----- INPUT DATA -----

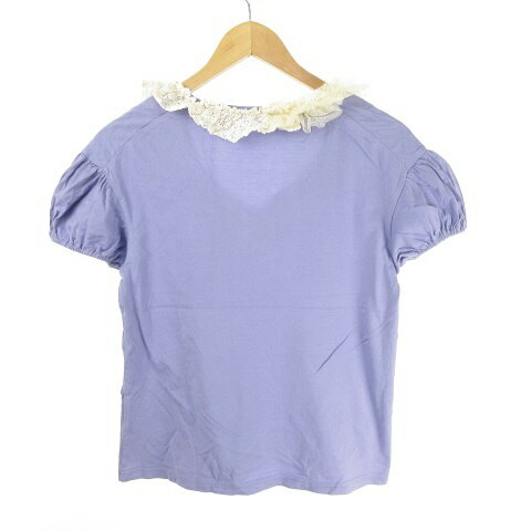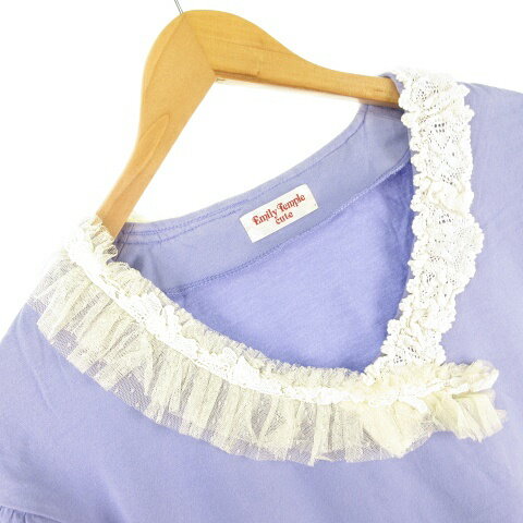 【中古】 エミリーテンプルキュート Emily Temple cute パフスリーブ カットソー Tシャツ フリル チュールレース 異素材レース レース切り替え ラベンダー ライトパープル うす紫 レディース 【ベクトル 古着】 190415
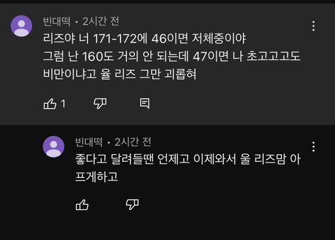 근데 추천수 최대가 159따리 댓글이고 나머지는 추천도 ㅈ도 없는 걍 말그대로 잼민댓글밖에 없구만 저런거 하나하나 가져와서 정병쳐먹을거면 돌판에 어떻게 있음...? ㅋㅋㅋ 그냥 적당히 무시하고 걸러 보셈 잼민이들 나대는거 하나하나 다 막고싶은거임? 심지어 판에서 저러는 애들 보이지도 않는데 판에서 화풀이해서 뭐함? 쟤네한테 답글 달고 오든가 왜자꾸 판에서 리즈 배척하는 글 써놓고 ㅈㄹ이야 한두번도 아니고 적당히 해야지 ㅋㅋㅋㅋ
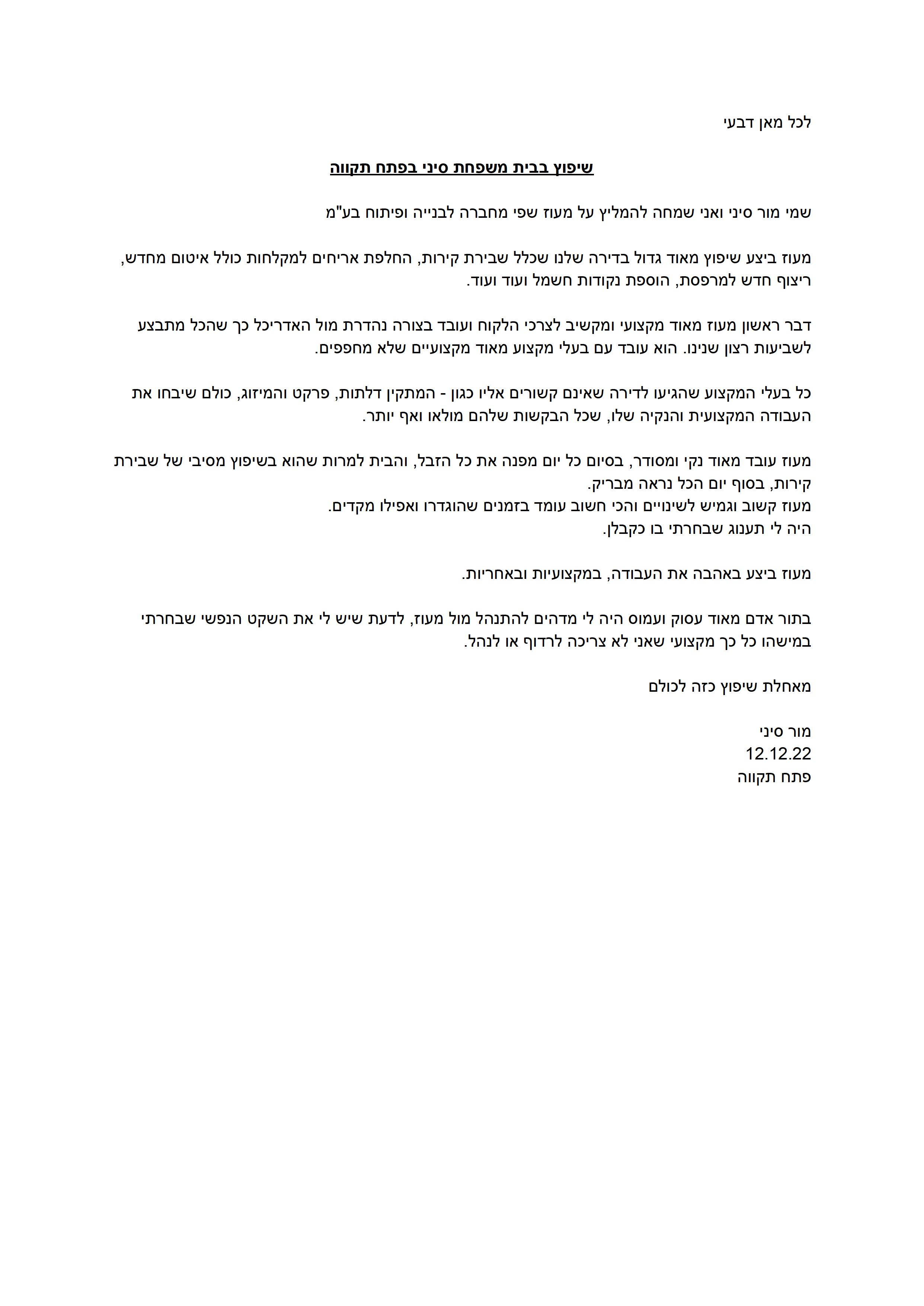בית משפחת סיני נווה גן פ"ת

-----

__TASK DESCRIPTION__: Please output the data above exactly as given, omitting every picture.

__REPLY TO THE EXERCISE__:
 【中古】 エミリーテンプルキュート Emily Temple cute パフスリーブ カットソー Tシャツ フリル チュールレース 異素材レース レース切り替え ラベンダー ライトパープル うす紫 レディース 【ベクトル 古着】 190415
 근데 추천수 최대가 159따리 댓글이고 나머지는 추천도 ㅈ도 없는 걍 말그대로 잼민댓글밖에 없구만 저런거 하나하나 가져와서 정병쳐먹을거면 돌판에 어떻게 있음...? ㅋㅋㅋ 그냥 적당히 무시하고 걸러 보셈 잼민이들 나대는거 하나하나 다 막고싶은거임? 심지어 판에서 저러는 애들 보이지도 않는데 판에서 화풀이해서 뭐함? 쟤네한테 답글 달고 오든가 왜자꾸 판에서 리즈 배척하는 글 써놓고 ㅈㄹ이야 한두번도 아니고 적당히 해야지 ㅋㅋㅋㅋ
בית משפחת סיני נווה גן פ"ת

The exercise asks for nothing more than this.